2*i - 5*(sqrt(a^2*c)*x - sqrt(a^2*c*x^2 + c))*c^(3/2))/((sqrt(c)*i - sqrt(a^2*c)*x + sqrt(a^2*c*x^2 + c))^5*a*

________________________________________________________________________________________

maple [B] time = 0.18, size = 307, normalized size = 4.45 \[ \frac {x}{c \sqrt {a^{2} c \,x^{2}+c}}-\frac {4 \left (\frac {i}{5 a c \left (x -\frac {i}{a}\right )^{2} \sqrt {\left (x -\frac {i}{a}\right )^{2} a^{2} c +2 i a c \left (x -\frac {i}{a}\right )}}+\frac {3 i a \left (\frac {i}{3 a c \left (x -\frac {i}{a}\right ) \sqrt {\left (x -\frac {i}{a}\right )^{2} a^{2} c +2 i a c \left (x -\frac {i}{a}\right )}}+\frac {i \left (2 \left (x -\frac {i}{a}\right ) a^{2} c +2 i a c \right )}{3 a \,c^{2} \sqrt {\left (x -\frac {i}{a}\right )^{2} a^{2} c +2 i a c \left (x -\frac {i}{a}\right )}}\right )}{5}\right )}{a^{2}}+\frac {4 i \left (\frac {i}{3 a c \left (x -\frac {i}{a}\right ) \sqrt {\left (x -\frac {i}{a}\right )^{2} a^{2} c +2 i a c \left (x -\frac {i}{a}\right )}}+\frac {i \left (2 \left (x -\frac {i}{a}\right ) a^{2} c +2 i a c \right )}{3 a \,c^{2} \sqrt {\left (x -\frac {i}{a}\right )^{2} a^{2} c +2 i a c \left (x -\frac {i}{a}\right )}}\right )}{a} \]

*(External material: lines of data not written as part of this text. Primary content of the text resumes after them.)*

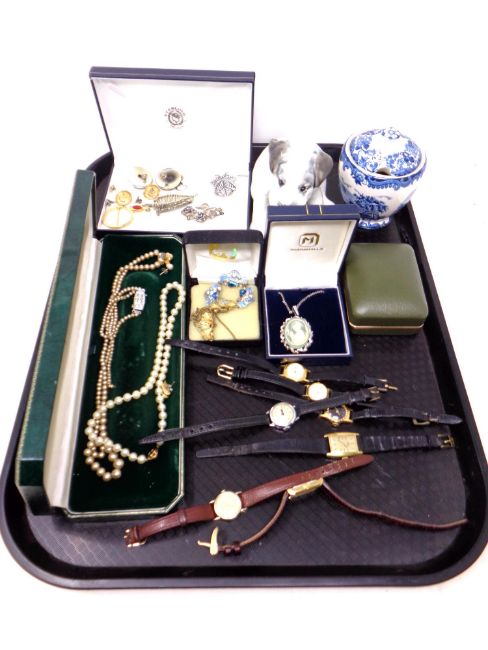 A tray of vintage wrist watches, Russian dog figure, costume pearls etc
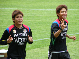 ![]() 午前中は新潟戦先発選手がリカバー。「オレも撮ってくれた?フォトギャラ乗るかなぁ」という神田トレーナー。その脇の大谷&増嶋選手も笑顔です~ ![]() こちらはVサインの近藤&田中選手! ![]() 北嶋選手&布部コーチの師弟コンビ。 ![]() 栗澤選手と井原コーチ。こちらは守備の確認でしょうか。 ![]() ブラジルコンビに公文通訳。レアンドロの両手がお茶目なポーズになってます(笑) ![]() さあ午後からは練習試合。まずは工藤選手があいさつ代わりの強烈シュート! ![]() 献上したPKのピンチ。しかしここはGK稲田選手が見事な横っ跳びでスーパーセーブ! ![]() 水野選手は右サイドからの切れるドリブルでチャンスを演出! ![]() ベテランも負けていません。激しい守備を見せる藏川選手に... ![]() ボランチ兵働選手も球際で厳しいチェック! |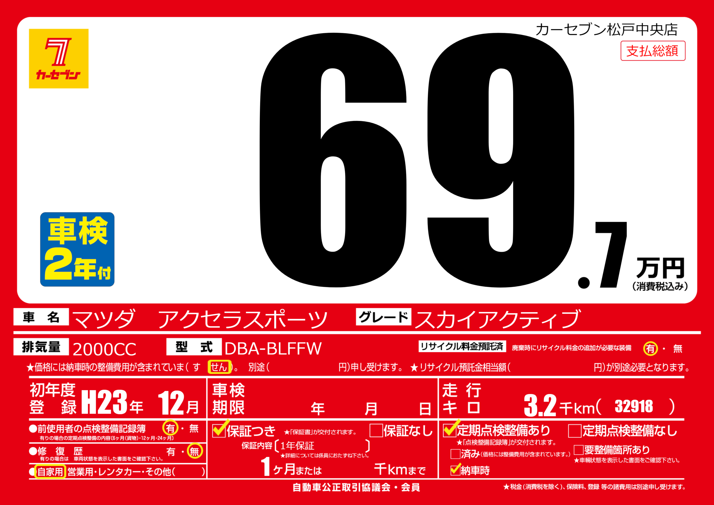 | 走行キロ | 0.3万km | 初年度登録 | H23年12月 |
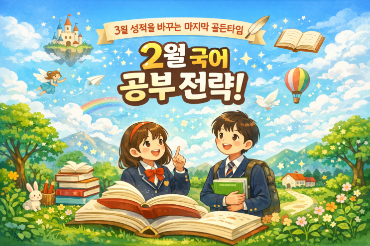 노력은 학생이! 방향은 송촌이룸학원이! 안녕하세요 송촌이룸학원입니다. 3월 개학을 앞둔 2월은 국어 실력의 ‘기초 체력’을 완성할 수 있는 마지막 골든타임입니다. 국어는 단기간에 점수가 급상승하는 과목이 아닙니다. 그래서 이 시기에는 ❌ 무작정 양을 늘리기보다 ⭕ 학년별 취약점 보완 + 루틴 정착에 집중해야 3월 이후 눈에 띄는 성과를 기대할 수 있습니다. 오늘은 중등 · 고등 학년별 2월 국어 공부 전략과 송촌이룸학원만의 국어 관리 방향을 함께 정리해 드리겠습니다 ✨ 2월 국어 공부의 공통 원칙 (중·고 공통) ✔️ 매일 40~60분 고정 루틴 독해 20분 + 문법·문제 20~40분 ‘조금씩, 매일’이 국어 성....... <img src="https://blogthumb.pstatic.net/MjAyNjAyMDRfMTg1/MDAxNzcwMjA2NDI1NzA1.ozXVtwymGVTRWqBJJoBu69CohkI7Zbqdh8ghA3k-ARwg.BKsw-KpMVi7wWdLoZTwnI8jrIYG3oVNSnqX0B6RIoOcg.PNG/ChatGPT_Image_2026%B3%E2_2%BF%F9_4%C0%CF_%BF%C0%C8%C4_09_00_14.png?type=s3" />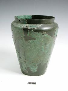 Situla in lamina bronzea, breve collo cilindrico, spalla cordonata.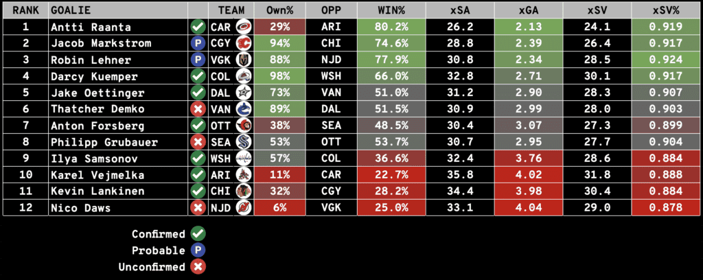 - [CAR] Frederik Andersen (undisclosed) will miss at least one week.

Veriﬁcation of antiderivative is not currently implemented for this CAS.

[In]

int(1/(1+I*a*x)^4*(a^2*x^2+1)^2/(a^2*c*x^2+c)^(3/2),x)

[Out]

x/c/(a^2*c*x^2+c)^(1/2)-4/a^2*(1/5*I/a/c/(x-I/a)^2/((x-I/a)^2*a^2*c+2*I*a*c*(x-I/a))^(1/2)+3/5*I*a*(1/3*I/a/c/

(x-I/a)/((x-I/a)^2*a^2*c+2*I*a*c*(x-I/a))^(1/2)+1/3*I/a/c^2*(2*(x-I/a)*a^2*c+2*I*a*c)/((x-I/a)^2*a^2*c+2*I*a*c

*(x-I/a))^(1/2)))+4*I/a*(1/3*I/a/c/(x-I/a)/((x-I/a)^2*a^2*c+2*I*a*c*(x-I/a))^(1/2)+1/3*I/a/c^2*(2*(x-I/a)*a^2*

c+2*I*a*c)/((x-I/a)^2*a^2*c+2*I*a*c*(x-I/a))^(1/2))

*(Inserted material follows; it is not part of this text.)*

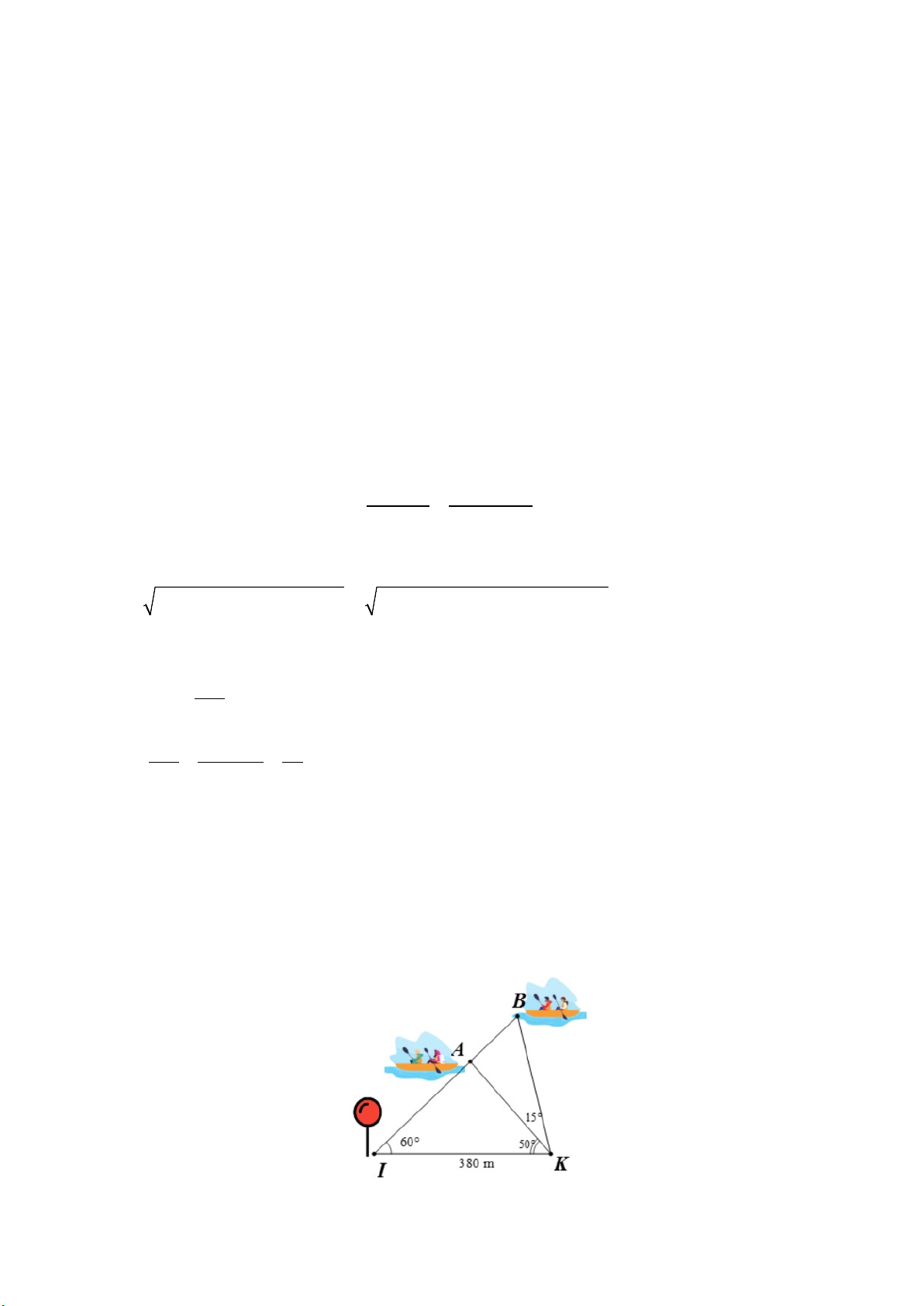 IK sin AIK 380⋅sin60 AK ° = ⇒ = = ≈ 350, ( 21 m) . ( 0,25 đ) sin AIK sin KAI sin KAI sin70° Lại có: = ° −

________________________________________________________________________________________

maxima [B] time = 0.33, size = 120, normalized size = 1.74 \[ -\frac {x}{15 \, \sqrt {a^{2} c x^{2} + c} c} - \frac {4 i}{5 \, \sqrt {a^{2} c x^{2} + c} a^{3} c x^{2} - 10 i \, \sqrt {a^{2} c x^{2} + c} a^{2} c x - 5 \, \sqrt {a^{2} c x^{2} + c} a c} - \frac {8 i}{15 i \, \sqrt {a^{2} c x^{2} + c} a^{2} c x + 15 \, \sqrt {a^{2} c x^{2} + c} a c} \]

Veriﬁcation of antiderivative is not currently implemented for this CAS.

[In]

integrate(1/(1+I*a*x)^4*(a^2*x^2+1)^2/(a^2*c*x^2+c)^(3/2),x, algorithm="maxima")

[Out]

-1/15*x/(sqrt(a^2*c*x^2 + c)*c) - 4*I/(5*sqrt(a^2*c*x^2 + c)*a^3*c*x^2 - 10*I*sqrt(a^2*c*x^2 + c)*a^2*c*x - 5*

sqrt(a^2*c*x^2 + c)*a*c) - 8*I/(15*I*sqrt(a^2*c*x^2 + c)*a^2*c*x + 15*sqrt(a^2*c*x^2 + c)*a*c)

________________________________________________________________________________________

mupad [B] time = 1.00, size = 45, normalized size = 0.65 \[ \frac {\sqrt {c\,\left (a^2\,x^2+1\right )}\,\left (a^2\,x^2-a\,x\,3{}\mathrm {i}+4\right )\,1{}\mathrm {i}}{15\,a\,c^2\,{\left (1+a\,x\,1{}\mathrm {i}\right )}^3} \]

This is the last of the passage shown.